Still, I must emphasize, gender differences are very real and in many cases is biologically determined, but hopefully will be narrowly thought of.  What I mean is, being male or female is undeniably different, but the societal norms surrounding some aspects of living that gender are not immutable as their biological counterparts are.  As an example, for whatever reasons, society places great importance on clothing.  As mentioned above, a majority of society does not want to see men in dresses; about the closest most men come to that is a hospital gown.  If he's wearing a skirt, it better be a kilt.  This sort of thing does change over time, for example it used to be commonplace for men to wear tights, but now mostly only women do, except again for special circumstances; ballet comes to mind.  Who knows, maybe some time in the (probably far distant) future, men in dresses will be as commonplace as seeing men in tights was.

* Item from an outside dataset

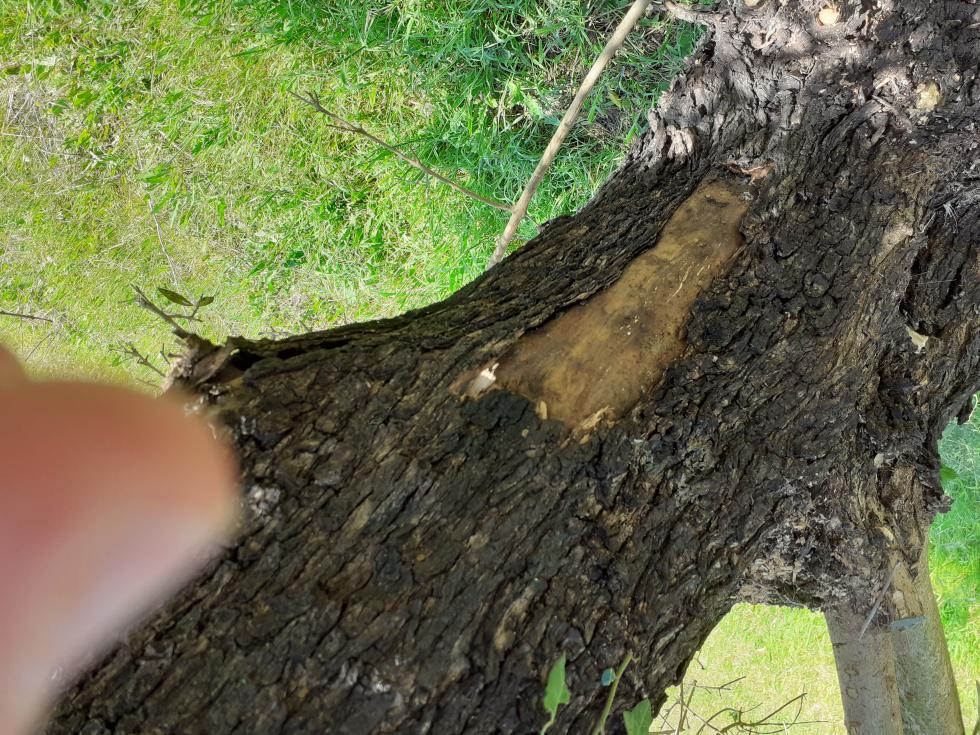 La corteccia la potresti tagliare, con coltello affilato e disinfettato, fino alla parte in cui si mostra incollata al tronco. Nel punto del taglio si può poi spennellare un pò di poltiglia bordolese più densa del solito.

I also have to ask as an open question, why is there an emphasis by many on gender equality?  To what end would making everything equal help us?  As one example I heard, somewhere around 97% of bricklayers are men.  Offhand, I wouldn't think bricklaying is physically demanding, as in, it doesn't require the typically better male strength.  I see no reason why we have to have strive towards 50% of bricklayers to be women. To the 3% of you who are, all the more power to you, it doesn't make any difference to me.  The majority of nurses are women; there's absolutely nothing wrong with men being nurses, but I see no reason why there should be a push for that to be 50/50 either.  Whether societally induced or maybe even biologically influenced, I think it more productive to celebrate the differences in the genders rather than demand equality in everything.  I'm all for relaxing societal thinking on what is a man's job and what is a woman's job (I'd like to see more fellow computer engineers be women :-) ), but at the same time, I don't see any reason for a push towards total equity.  That is, don't be exclusionary, except where biology clearly plays a role.   I mentioned sports before as an example, but that is by consensus of the participants (clearly, because there are some mixed gender sports; volleyball and tennis doubles spring to mind).

We also must be extremely careful when it comes to standards.  What I'm thinking of as an example is, we should not lower the requirements for firefighters.  If there is standard that they're required to be able to carry around some benchmark weight, say in anticipation of being able to perform a rescue successfully by carrying an average someone away from a fire, we can't be lowering that number to accommodate some perception that we need more woman participants.  If they can pass such strength tests, I am extremely grateful that they chose to be one.  Again, statistically men are more likely to be stronger, but there's nothing to say some women can't be just as strong as some men.  But let's not change the standards without some objective reason (like maybe we actually, as a societal average, become healthier and statistically weigh less).


English is a difficult enough language to interpret correctly when its rules are followed, let alone when the speaker or writer chooses not to follow those rules.